A. Benchmarking and Performance

• Comparison: OneCell was benchmarked against sortChIC, 10X droplet scCUT&Tag, and scChIP-seq using the MDA-MB-468 cell line.
• Metrics: OneCell achieved a median of 26,008 unique reads/cell and a FrIP (Fraction of Reads in Peaks) of 0.77, comparable to sortChIC but with significantly lower input requirements.
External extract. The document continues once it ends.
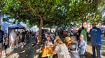 Und dann: Feierabendmarkt. Rund um das historische Rathaus reihen sich Stände aneinander, es duftet nach Bratwurst, Pizza, Döner. Die berühmte „Aale Wurscht“ darf nicht fehlen. Dazu Bier und Wein – offiziell gegen die 34 Grad, inoffiziell für die Gemütlichkeit. Livemusik spielt, die Stadt feiert, und mittendrin wir: dankbar, dabei zu sein.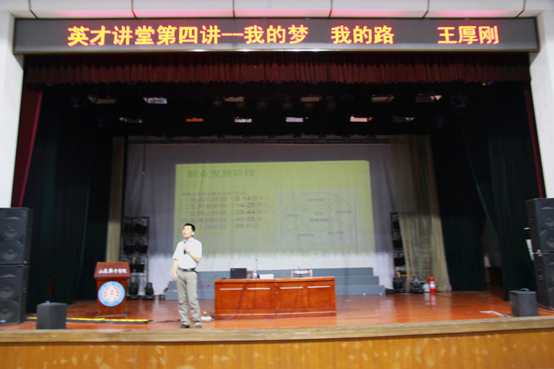 就业指导与校企合作处王厚刚副处长作为经验丰富的国家职业指导师、创业咨询师为新生做了职业生涯发展与规划教育的报告,用幽默的语言、鲜活的案例向我们编制了一幅人生职业生涯规划的蓝图,内容丰富,案例详实,分阶段性地介绍了对如何规划大学生活,如何根据个人兴趣与个性特征平衡专业学习与社会实践的关系,对新生有效规划职业生涯与专业发展有很强的指导意义。报告会后王处长力赞英才讲堂之2014级新生入学教育系列报告的方案与实施效果“报告主题涉及内容全面,设计紧凑,会场安排有序合理”,王处长还谈到了职业生涯规划教育对大学新生的重要价值“大一新生面对人生的转折点,需要适应新环境,逐渐脱离开父母的怀抱,人格开始独立,这个最能吃苦的年纪千万不能选择安逸,勉励新生要专心学习,勤于实践,注重锻炼,树立远大理想”。商学院市场营销三班蔡光辉说“王处长的报告让我懂得不可以局限在自己的小生活圈内,不然会脱离轨道,同时孙悟空的故事告诉我出身卑微,也可以凭借自己的努力成就霸业,只要有自信,没有想不到只有做不到的”,新生王辉还定下志向“我现在不是成功人士,不代表我以后不是。现在我们正是探索的阶段,当我们认识了自己,找到了目标,我们就应该付出行动,坚持到底。我相信坚持就是胜利,让我四年后有一个美好的人生”。

It outperformed droplet methods, which yielded sparse data (~5k reads/cell).
• Correlation: High correlation was observed between OneCell data and bulk references, validating its accuracy.

B. Application to Mouse Zygotes (Early Development)
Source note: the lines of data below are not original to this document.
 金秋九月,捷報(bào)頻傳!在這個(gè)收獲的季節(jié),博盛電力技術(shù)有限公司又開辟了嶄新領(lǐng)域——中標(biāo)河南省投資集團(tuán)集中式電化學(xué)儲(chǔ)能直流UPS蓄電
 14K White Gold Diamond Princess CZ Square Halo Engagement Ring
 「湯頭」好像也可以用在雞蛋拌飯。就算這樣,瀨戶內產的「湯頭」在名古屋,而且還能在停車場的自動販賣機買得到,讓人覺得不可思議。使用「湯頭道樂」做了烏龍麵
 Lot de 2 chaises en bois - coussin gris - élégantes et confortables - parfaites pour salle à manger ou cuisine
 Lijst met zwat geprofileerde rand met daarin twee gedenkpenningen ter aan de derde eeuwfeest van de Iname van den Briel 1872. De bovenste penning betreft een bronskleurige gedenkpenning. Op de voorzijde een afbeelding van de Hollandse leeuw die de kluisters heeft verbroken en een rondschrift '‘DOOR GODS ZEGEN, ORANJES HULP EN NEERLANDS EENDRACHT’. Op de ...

• Zygotic Reprogramming: The method was applied to single mouse zygotes to map H3K27me3 (repressive) and H3K4me1 (permissive) alongside transcriptomes.
• Findings:
  • H3K4me1: Accumulated genome-wide without clear promoter/enhancer specificity, showing no correlation with gene expression.
  • H3K27me3: Formed large megabase-scale domains and acted as a specific negative regulator of a subset of genes.
  • Conclusion: At the zygote stage, genes appear poised for activation, with H3K27me3 serving as the primary repressive mechanism modulating transcription.

C. Epigenomic Priming in the Mammary Gland

• Cell Fate Mapping: Profiling of the mouse mammary gland epithelium (Basal, Luminal ER-, Luminal ER+).
• Discordance Discovery: While RNA and cytometry profiles aligned perfectly, a subset of cells classified as Basal by RNA/cytometry exhibited Luminal-like epigenomes (specifically H3K4me1 enrichment and H3K27me3 depletion at luminal loci).
• Priming: This "epigenomic priming" was undetectable at the RNA or protein level, suggesting that basal cells possess a latent epigenetic "ready state" for luminal differentiation, likely mediated by H3K4me1.
• MOFA Analysis: Multi-Omics Factor Analysis revealed that specific latent factors (e.g., Factor 7) integrated RNA and epigenomic data to define basal cell fate, while others (Factor 2) captured epigenomic-only variations related to stemness factors (e.g., Zfx, Trp63).

D. Dynamics of Basal-to-Luminal Transdifferentiation

• In Vivo Model: Basal cells were transplanted into cleared fat pads of immunodeficient mice to induce regeneration in the absence of luminal cells.
• Continuous vs. Binary:
  • Epigenome: Showed a continuous progression from basal to luminal states, revealing a transitional cell population with intermediate epigenomic profiles absent in reference populations.
  • Transcriptome: Exhibited a binary switch between basal and luminal identities.
• Transitioning Cells: Cells in the intermediate epigenomic state showed:
  • Upregulation of stemness drivers (e.g., Axl).
  • Downregulation of TNF$\alpha$ and p53 signaling (suggesting temporary suppression of p53 facilitates plasticity).
  • Increased proliferation.

5. Significance

• Decoupling Regulatory Layers: OneCell demonstrates that epigenomic remodeling often precedes and poises cells for fate transitions, occurring before detectable changes in the transcriptome. This challenges the view of cell fate transitions as purely binary switches.
• Rare Cell Analysis: The ability to profile single cells from low-input, patient-derived, or rare in vivo samples opens new avenues for studying developmental biology, cancer heterogeneity, and drug resistance mechanisms that were previously inaccessible due to input constraints.
• Mechanistic Insight: By linking surface markers, chromatin states, and gene expression in the same cell, the study elucidates the molecular mechanisms (e.g., H3K27me3 repression, H3K4me1 priming) driving cellular plasticity and tissue regeneration.

In summary, OneCell CUT&Tag is a transformative tool that bridges the gap between low-input feasibility and high-resolution multi-omic profiling, revealing hidden layers of cellular identity and plasticity in complex biological systems.